China has inflated its growth pace for the last 9 years - from 2008 to 2016 by an average of 1.7 percentage points, a new study finds. The research was done at the Chinese University of Hong Kong and the University of Chicago. The inconsistency was a result of local governments rewarding for meeting growth and investment targets, authors jot down in the draft paper published in the Brookings Institution. The Beijing-based National Bureau of Statistics are aware of the manipulation and still calibrate the numbers but weren't able to do it satisfactorily since 2008, said authors Chang-Tai Hsieh, Wie Chen, Xilu Chen and Zheng Song.
There was no change in the adjustment by NBS corresponding to the miscalculated numbers after 2008. Instead, they use numbers like exports and imports, tax revenue, railway cargo flow etc. that are less likely to be manipulated to predict the GDP of the world's second largest economy.
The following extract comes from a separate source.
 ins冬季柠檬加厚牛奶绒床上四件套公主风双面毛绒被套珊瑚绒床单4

The revised numbers show that growth in China has went downhill more severely than suggested since 2008. NBS, China didn't immediately respond to the request for a comment on the issue.
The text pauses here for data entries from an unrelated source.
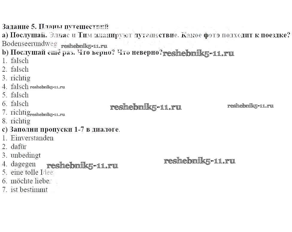 Готовая домашняя работа с ответами по Немецкому языку за 8 класс Аверин, Джин, Рорман, Ризу Учебник Horizonte Просвещение 2016 ФГОС - Глава 6. Путешествие по Рейну 5
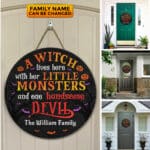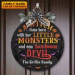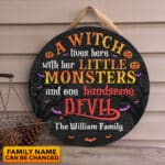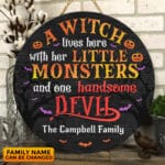Let’s Shop A Witch Lives Here With Her Little Monsters and One Handsome Devil Personalized Door Sign – Front Door Halloween Wooden Door Hangers!
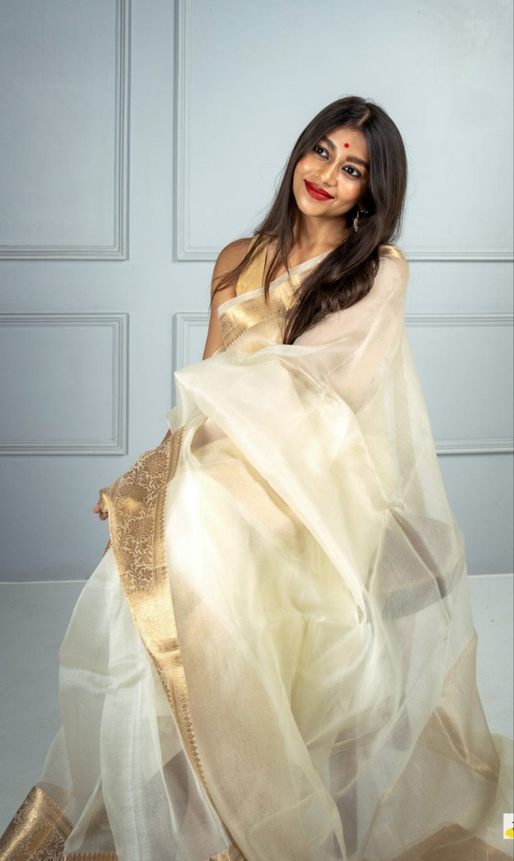 - Crafted from luxurious silk, the saree offers a lightweight and graceful drape
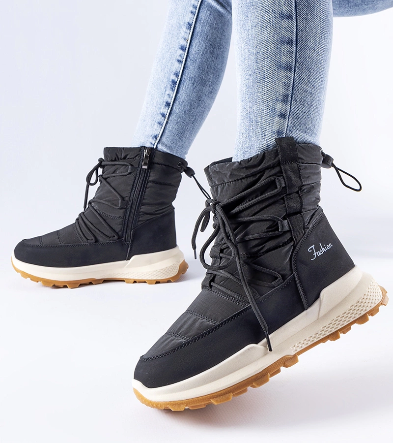 Bocanci negri clasici de zăpadă din piele ecologică Bobby.
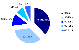 A股整体换手降低,下降趋势与基金换手率一致。2007年A股换手率一度高至774%,在市场经历大起大落,连续两年下跌后,A股市场整体换手率出现了大幅下降,2011年换手率仅220%,与基金换手率基本相当。今年上半年A股整体换手率为99.64%,继续降低,小幅下降的趋势与基金换手率趋势相同。虽然沪深300一度涨幅超过10%,赚钱效应显现,但换手仍然维持低位,市场情绪可见一斑。
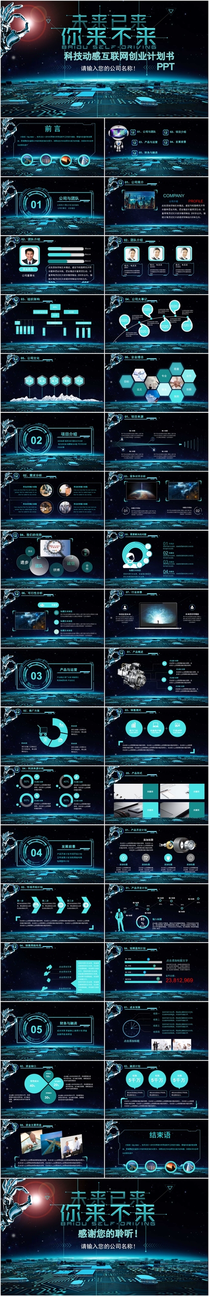 蓝色炫酷互联网高科技公司企业商业项目计划书PPT模板

GDP in China has long been under criticism for over- or under-estimating growth or for balancing out the fluctuations. Local authorities, keen to improve their chances of promotion, over-reported the GDP figures by more than 10 percent larger than the national figure.
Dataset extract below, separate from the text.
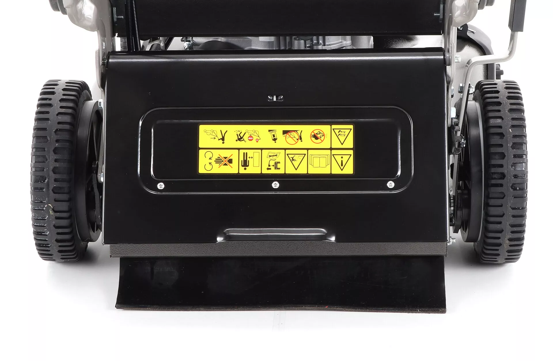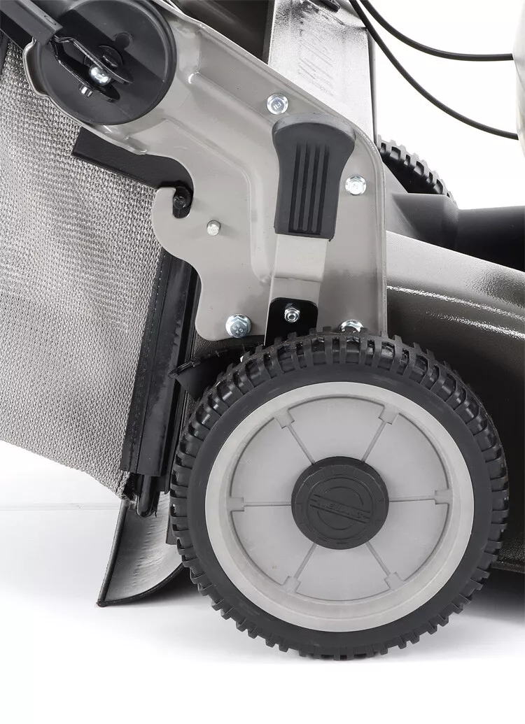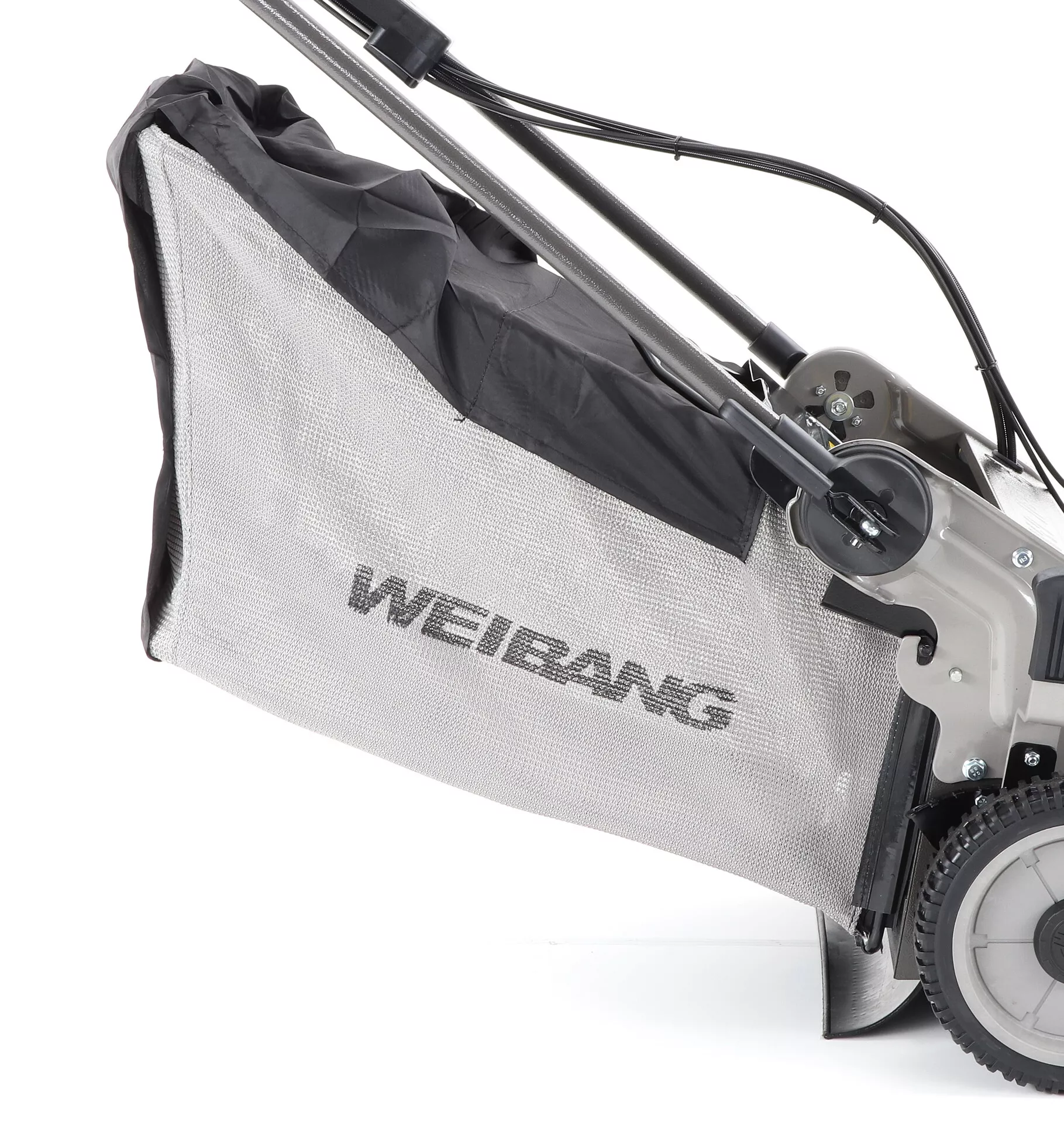 - Dále je tato sekačka vybavena pevnými zadními koly a sklopnou rukojetí pro snadné uskladnění a přepravu. Masivní žačí nůž s mohutnými vyhazovacími "lopatami - tzv. BIG BLADE" a velký koš spolu se zajímavou cenou dělají z této sekačky WEIBANG WB 537 SCV
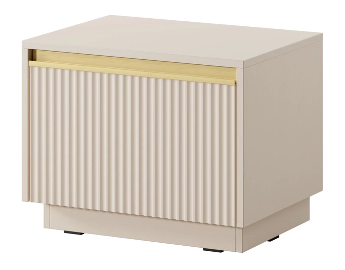 - Nachttisch Loren mit gefräster Front und goldenen Details. Die geräumige Schublade bietet praktischen Stauraum neben dem Bett. Ideal für moderne Innenräume.

In recent years, national authority has checked on the firms that has been misrepresenting their stats. The head of the statistics bureau are now claiming that the problems are in the past and from this year, they will compute GDP for the 31 domestic regions.
Tom Orlik, chief economist at Bloomberg said that he is 'cautious' about the paper's conclusion stating that local officials overstated investment is hard to match with the fact that China's capital spending did rise a little too much.